Buzzfeed Australia kickstarted a grassroots social media campaign two days ago beseeching Taylor Swift fans to get ‘Shake it Off’ into the countdown. Thanks to #Tay4Hottest100, the song has gained massive momentum over the last 24 hours and according to SportsBet is now sitting the second favourite to win behind Peking Duk’s High.

Tay-Tay has overtaken the likes of Chet Faker, Hilltop Hoods, Mark Ronson, Milky Chance and Sia to establish herself as a firm contender for the top spot. The song did not feature on the Triple J Hottest 100 shortlist due to lack of airplay, however, fans have taken it upon themselves to add it in to the voting process.

The Hottest 100 voting rules state that triple J “reserves the right to remove artists from the list who have benefited from competitions or commercial campaigns that incentivise fans to vote for them”. Triple J are yet to officially reveal whether the move is above board or not. However, Triple J station manager has reportedly told News Corp that, “people are welcome to add songs manually to their voting shortlist and those votes count exactly the same as anything voted from the Triple J list.”

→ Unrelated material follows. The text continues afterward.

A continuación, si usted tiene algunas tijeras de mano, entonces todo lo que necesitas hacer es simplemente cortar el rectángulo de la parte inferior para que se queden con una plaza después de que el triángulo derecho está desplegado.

Buzzfeed kicked off the campaign, attributing Swift’s lack of airplay to ‘music snobbery’. As FasterLouder aptly pointed out, Triple J does have a history of a few double standards when it comes to their aversion for mainstream music. For example, Iggy Azalea’s Fancy was nowhere to be seen on the list, despite it being played on a frosty morning back in May. Similarly, Milky Chance has crossed over into commercial pop, as did the winner of the competition in 2012, Macklemore & Ryan Lewis’ Thrift Shop. 

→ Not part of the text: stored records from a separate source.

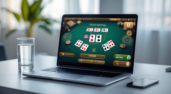 Seorang pria menggunakan laptop di meja kerja dengan layar menampilkan permainan kartu online, dikelilingi ponsel dan gelas air.
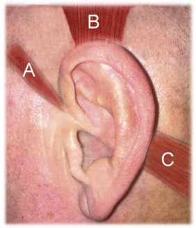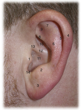 The developed external ear has evolved to capture and focus vibrations through the middle ear canal to the inner ear. In humans, many of the functions remain vestigial. Anyone who has ever witnessed animals whose life depends on detecting predators in nature, such as deer, has a better understanding of the complex movements and function of the mammalian external ear. Fig. 8.4 shows the normal anatomic components of the developed ear.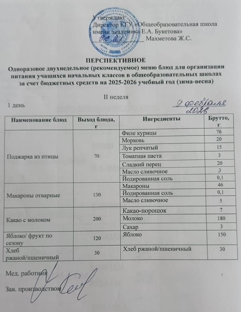 Питание школьников 9 февраля 2026 года

Regardless of whether Triple J is being snobbish about its music choices, the fact of the matter is that their music choices have already been made. Triple J is dedicated to uncovering new bands, playing “music made in bedrooms and garages around Australia by people we’ve never heard of” and music they see live or discover online. They provide an alternative to mainstream commercial music and give a voice to the local or unheard-of bands.

Ultimately, the decision will obviously rest with Triple J themselves. But having an artist win a competition by a station that they’ve never been played on would be like going to Antarctica to enjoy a Moroccan delicacy.